Supplied information -

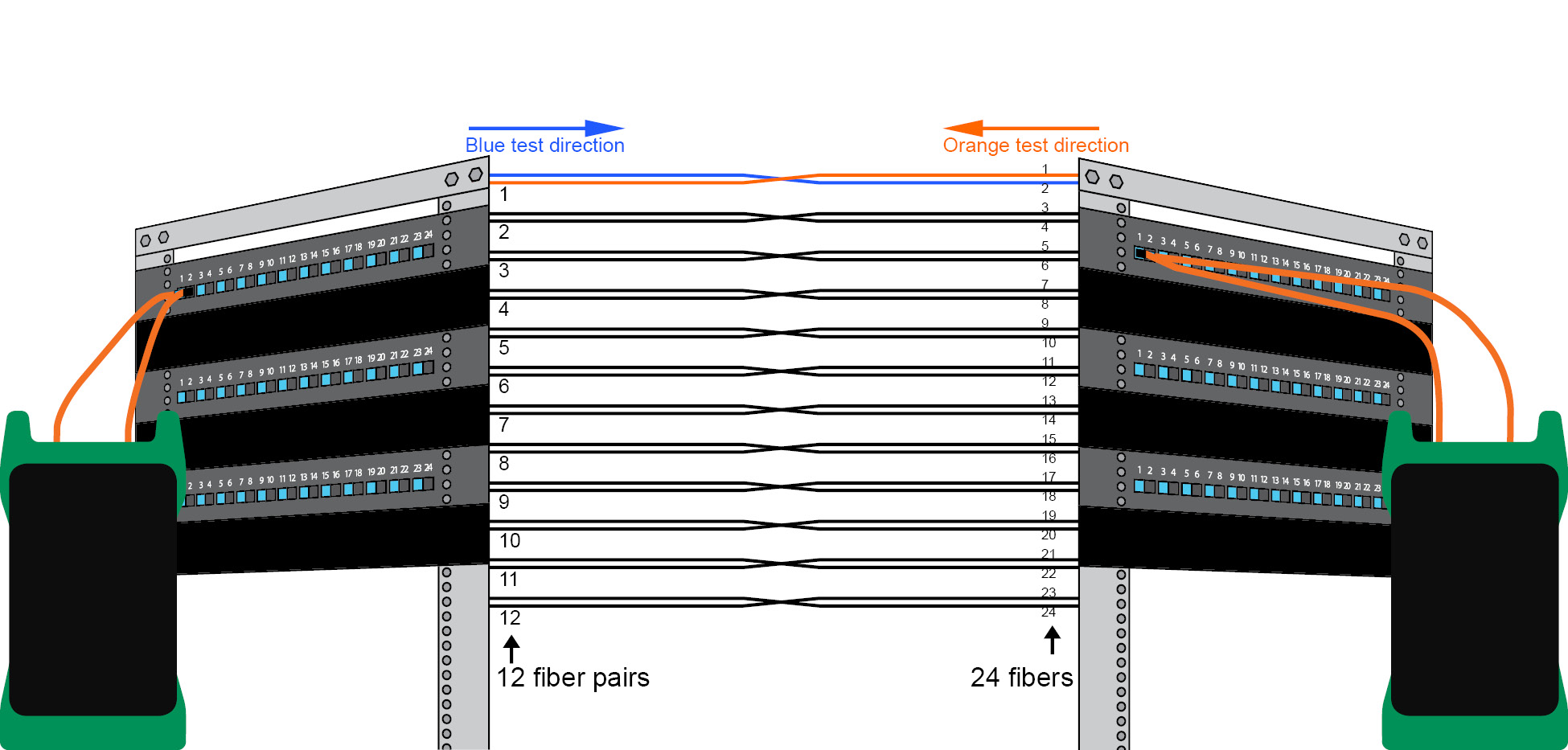 test direction does not matter. PAIR mode is twice as fast as bi-directional link certification and much less confusing. Testing bi-directionally requires a two-step process: test in one direction, swap fiber ports, then test in the other direction. PAIR mode cuts testing time in half by eliminating the second (not required) direction, and keeps things simple by eliminating the often-confusing and error-prone step of swapping fiber ports. PAIR mode is twice as fast as traditional link certification. Traditional link certification certifies one fiber at a time. PAIR mode tests two fibers at a time, significantly speeding up the certification process. In addition, PAIR mode allows length measurement with each test, something that traditional link certification cannot do. The Link Wizard in the Fiber OWL 7 uses attenuation parameters from popular cabling standards to certify fiber links, and shows complete PASS/FAIL test results for both fibers at both wavelengths, all on the same screen, right in the field. |
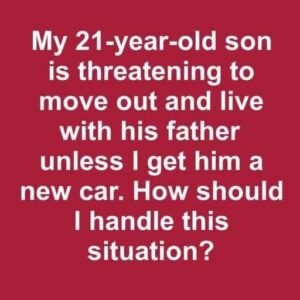 “My 21-year-old son is threatening to move out and live with his father unless I get him a new car. How should I handle this situation?” …
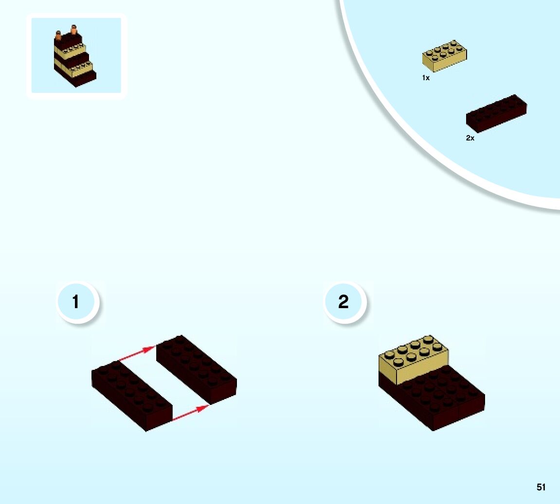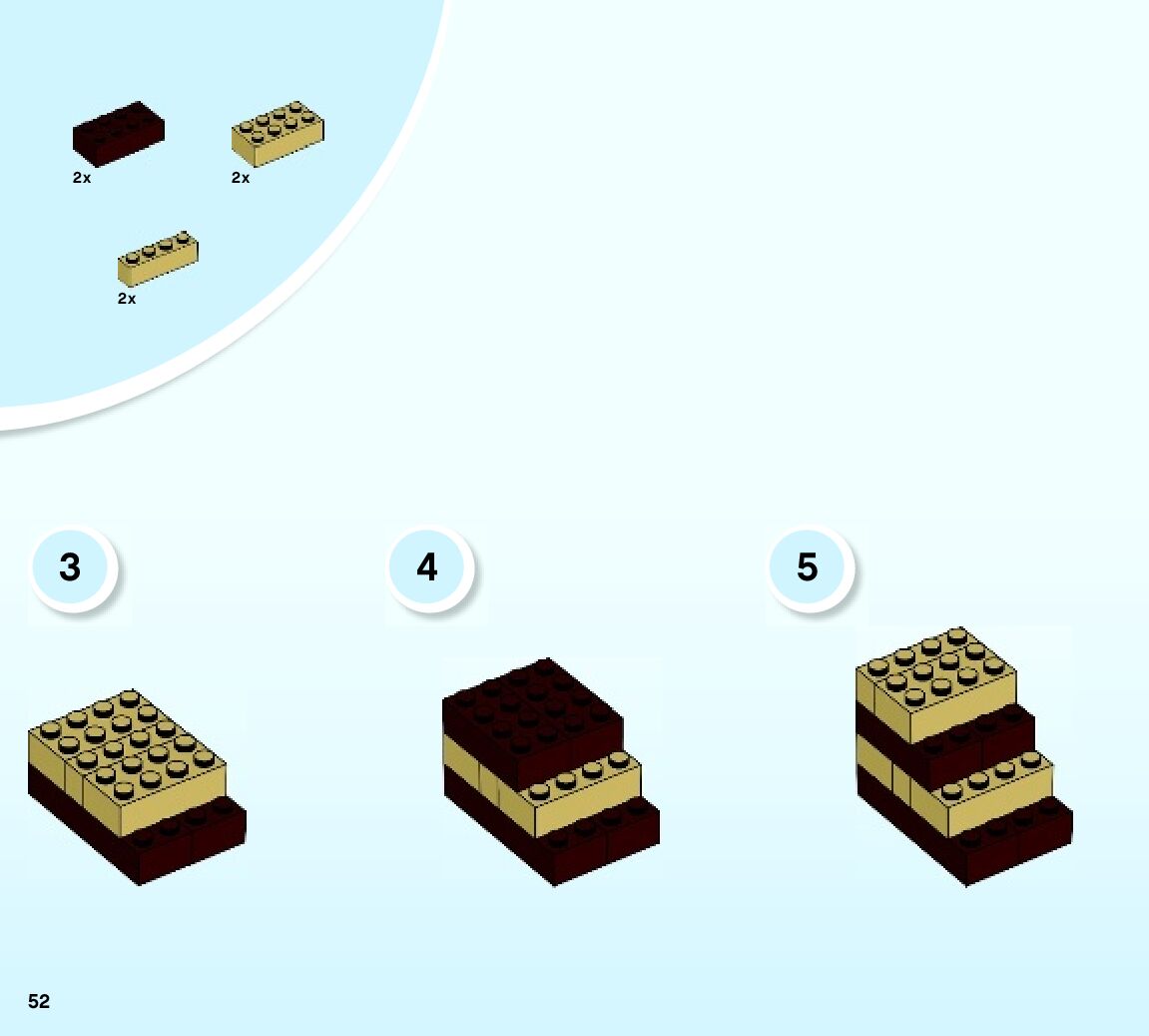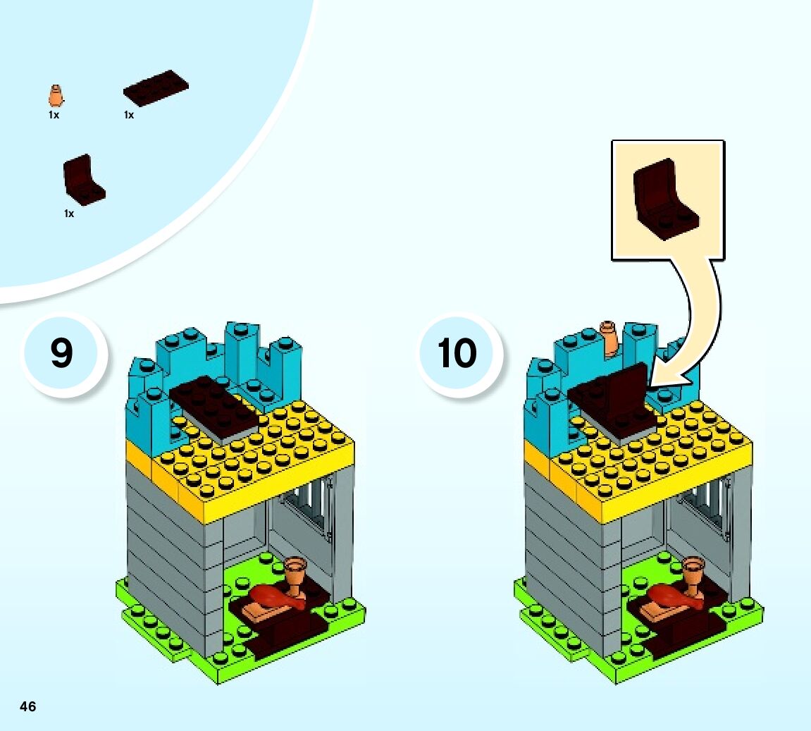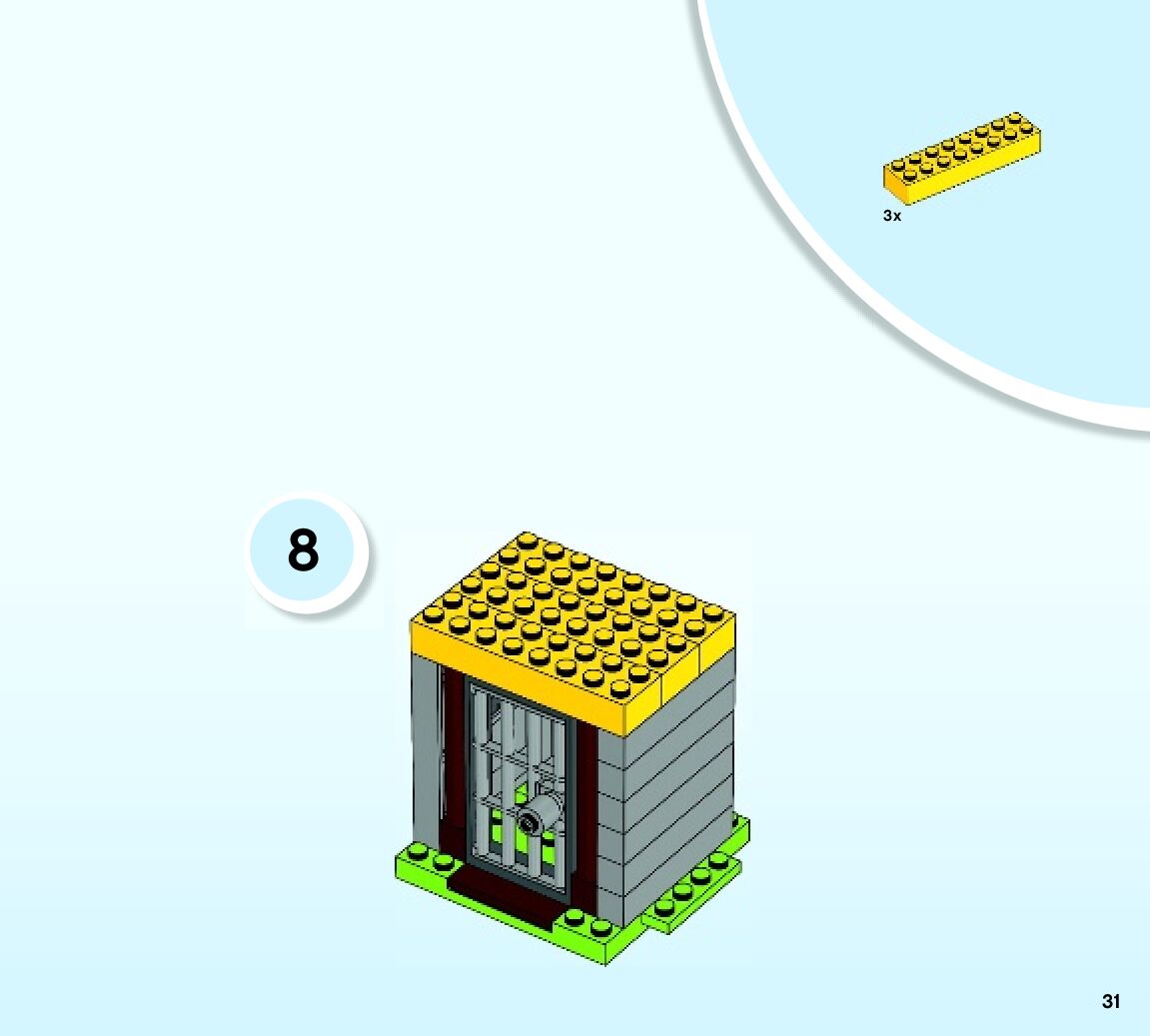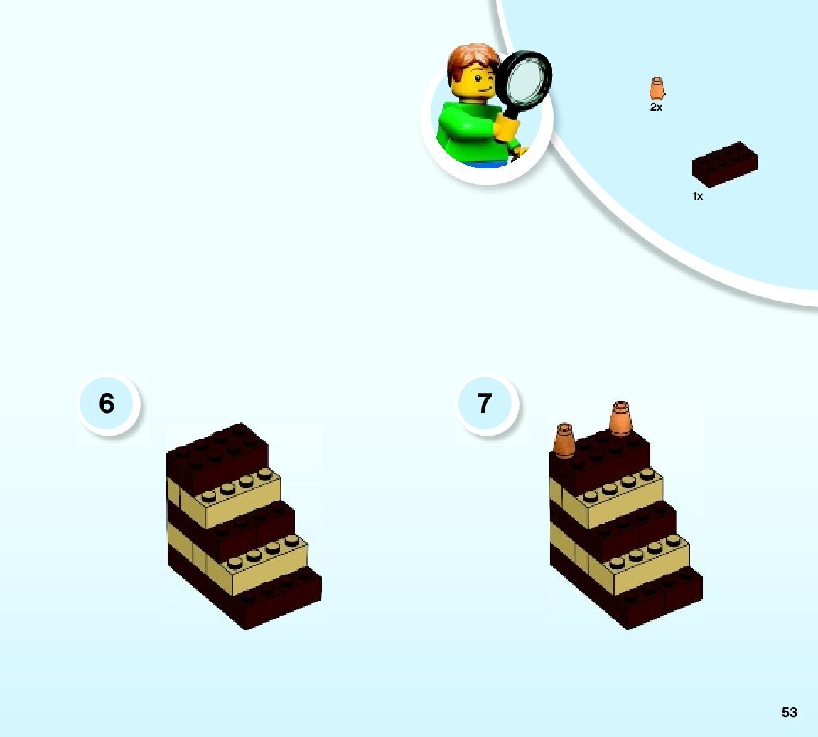 The assembly guide is prepared in a very understandable way for children and adult LEGO enthusiasts. A total of 101 picture galleries are shown, explaining the step-by-step construction stages for 3 different structures.

Task details -
Leaving every picture out, output the data exactly as it stands.

Result of the task -
 test direction does not matter. PAIR mode is twice as fast as bi-directional link certification and much less confusing. Testing bi-directionally requires a two-step process: test in one direction, swap fiber ports, then test in the other direction. PAIR mode cuts testing time in half by eliminating the second (not required) direction, and keeps things simple by eliminating the often-confusing and error-prone step of swapping fiber ports. PAIR mode is twice as fast as traditional link certification. Traditional link certification certifies one fiber at a time. PAIR mode tests two fibers at a time, significantly speeding up the certification process. In addition, PAIR mode allows length measurement with each test, something that traditional link certification cannot do. The Link Wizard in the Fiber OWL 7 uses attenuation parameters from popular cabling standards to certify fiber links, and shows complete PASS/FAIL test results for both fibers at both wavelengths, all on the same screen, right in the field. |
 “My 21-year-old son is threatening to move out and live with his father unless I get him a new car. How should I handle this situation?” …
 The assembly guide is prepared in a very understandable way for children and adult LEGO enthusiasts. A total of 101 picture galleries are shown, explaining the step-by-step construction stages for 3 different structures.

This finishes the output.